Machine Learning: Staying on Topic

Matt Schwartz
June 30, 2020

I started SocialSentiment.io with a somewhat simplistic machine learning algorithm. I defined a recurrent neural network to perform sentiment analysis of short texts from social media. Its purpose, and therefore its training set, is focused on the topic of stocks, companies, and their products. It returned only one floating point value representing a single prediction for each string. I quickly fell into a common ML natural language processing trap: new text which is off-topic returns unpredictable and unhelpful results. Worse yet, the results don't directly indicate the text it analyzed is off-topic.

Examples of the Problem

Search a social network such as Twitter for references to the Intel Corporation. Many posts, probably most, refer to the company as "Intel" and not "Intel Corporation" or "Intel Corp". Therefore you're going to search for the word "Intel".

Here are some posts that recently came back which are on-topic:

    What does Apple dumping Intel mean for Mac users?

    So turns out, I have been running all the games from the Intel gpu instead of the nvidia...

    Amazon buys self-driving car company run by former Intel Oregon exec

Along with them comes posts that aren't related to the company or its stock at all:

    It is common for different intel agencies to attach different degrees of confidence based on the manner on underlying intel...

    Goddammit man what action are YOU gonna take? You’re the chairman of the intel committee!!!

Another example is Google / Alphabet. Youtube is a company owned by Alphabet, so they are included in our social media searches. Search social media for Youtube and the most popular posts are about music and music videos on the site.

    [Song name] Officially Sets YouTube Record For Most Views In First 24 Hours

    [Band name] Smashes YouTube Record As [song name] Soars Past 100 Million Views

While these are referring to Youtube, they aren't on-topic for the kinds of posts we're interested in analyzing.

Since our NN is trained on posts involving general business and stock opinions, plus specific industry sentiment like computing, it naturally returns widely varying results for these off-topic texts. These posts aren't useful to our analysis at all, so how do we ignore them?

Garbage In, Garbage Out

An old coworker of mine used to respond to bug reports in his software with "Garbage in, garbage out!"

Ideally we would filter these posts out before processing them by our RNN. So we started with this approach by adding a negative filter to social media searches. Ignore "house intel" and "senate intel", for example. This of course helped.

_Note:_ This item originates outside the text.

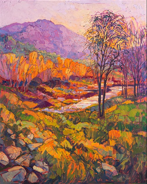 Style: "Open Impressionism" is a new style of painting developed by American artist Erin Hanson. The style is characterized by short, impasto brush strokes that are applied without layering, creating a mosaic or stained-glass appearance to the paintings. The paintings are created with a limited palette of colors, applied without blending or mixing upon the canvas, which adds a dimension of texture to each brush stroke. Inspired by classic impressionism, pointillism, and post-impressionism, Erin Hanson continues the tradition of impressionism into the modern day with her colorful and vivacious landscape paintings.

But there are more difficult filters. "Intel community", for example, may refer to the company or the government. "Intel chairman" might be the board chairman or a member of the US Congress. We don't want to ignore these posts and lose valuable information.

Multi-Label Classification & Off-Topic Training

We added another approach to solve this problem. We changed our ML algorithm to perform multi-label text classification. Instead of a binary label classification, returning a floating point number between 0 and 1, we redesign and retrained it to label things as positive, negative, neutral, and off-topic.

Our original binary classification took the typical approach of its last dense layer having a unit size of 1 with a sigmoid activation to bound the result between 0 and 1. The redesigned model with multi-label classification ended with a dense layer the size of the number of labels. By keeping the sigmoid activation we now get a prediction of each individual label.

If the prediction of every label is low for a text, or actually below some threshold we choose to rely on, then we know the model is not well trained for this particular text. We can choose to ignore it or hang onto it later for better training.

We can also proactively train it on my off-topic texts which it otherwise classified. If the prediction for the off-topic label is high we must have previously trained it on something similar.

Conclusion

Since switching to this multi-label text classification model for our machine learning algorithm we have much more accurate results. We still catch and predict the sentiment of too many off-topic posts. With more training and fine tuning it'll improve over time.